TASK DIRECTIONS: Beginning with the line below that contains "울 혼방 니트 모자 비니 블랙 화이트 스트라이프" and ending with the line that contains "악기연주가 취미인 건축주님.", copy every line exactly. Copy nothing else.

AVAILABLE DATA:
┄┄┄┄┄┄┄┄┄┄┄┄┄┄┄┄┄┄┄┄
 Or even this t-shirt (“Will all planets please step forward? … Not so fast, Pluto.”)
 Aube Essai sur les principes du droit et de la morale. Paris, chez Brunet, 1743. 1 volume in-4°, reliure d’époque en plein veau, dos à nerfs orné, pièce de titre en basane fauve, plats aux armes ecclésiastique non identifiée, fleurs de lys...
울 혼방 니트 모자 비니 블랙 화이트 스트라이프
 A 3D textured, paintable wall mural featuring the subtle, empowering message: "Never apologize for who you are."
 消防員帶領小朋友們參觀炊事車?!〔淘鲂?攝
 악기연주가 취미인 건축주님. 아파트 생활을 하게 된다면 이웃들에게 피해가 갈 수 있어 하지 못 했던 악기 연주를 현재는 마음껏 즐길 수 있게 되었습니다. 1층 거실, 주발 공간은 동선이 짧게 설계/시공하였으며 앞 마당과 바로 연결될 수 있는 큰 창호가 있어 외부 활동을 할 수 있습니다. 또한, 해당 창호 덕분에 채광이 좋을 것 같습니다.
┄┄┄┄┄┄┄┄┄┄┄┄┄┄┄┄┄┄┄┄
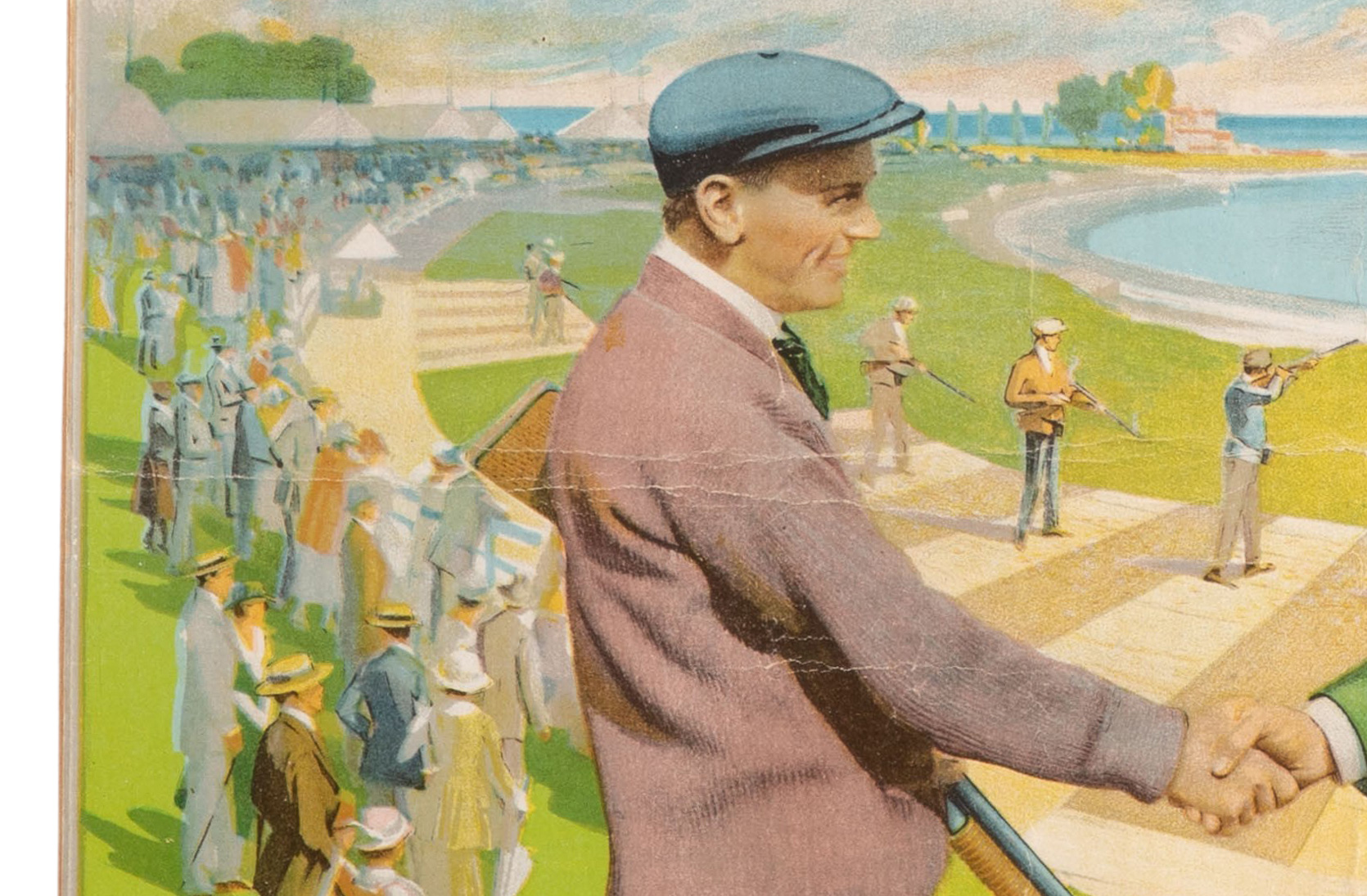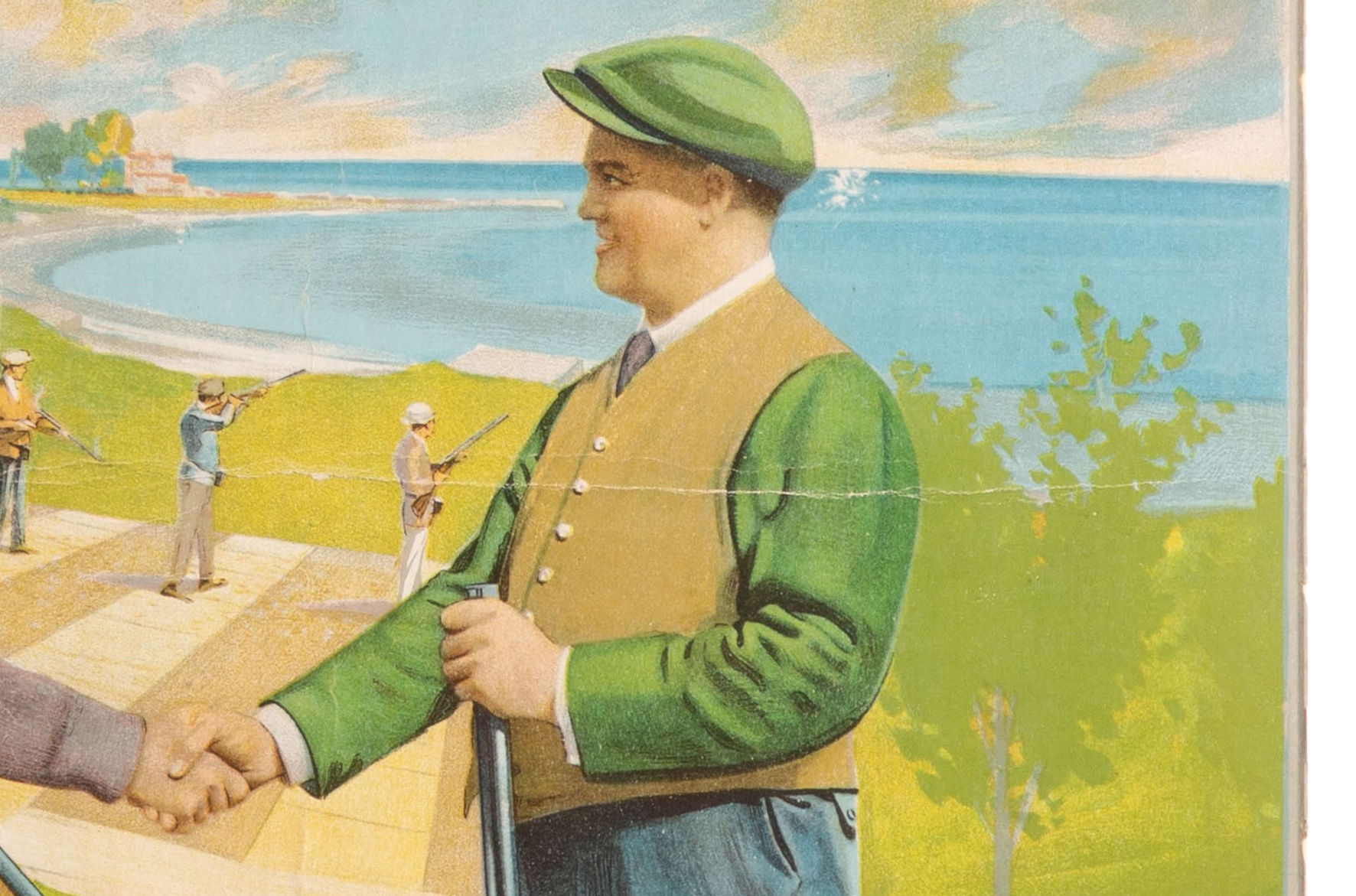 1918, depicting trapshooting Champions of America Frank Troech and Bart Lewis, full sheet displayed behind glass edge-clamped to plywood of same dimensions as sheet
┄┄┄┄┄┄┄┄┄┄┄┄┄┄┄┄┄┄┄┄
SOLUTION:
울 혼방 니트 모자 비니 블랙 화이트 스트라이프
 A 3D textured, paintable wall mural featuring the subtle, empowering message: "Never apologize for who you are."
 消防員帶領小朋友們參觀炊事車?!〔淘鲂?攝
 악기연주가 취미인 건축주님. 아파트 생활을 하게 된다면 이웃들에게 피해가 갈 수 있어 하지 못 했던 악기 연주를 현재는 마음껏 즐길 수 있게 되었습니다. 1층 거실, 주발 공간은 동선이 짧게 설계/시공하였으며 앞 마당과 바로 연결될 수 있는 큰 창호가 있어 외부 활동을 할 수 있습니다. 또한, 해당 창호 덕분에 채광이 좋을 것 같습니다.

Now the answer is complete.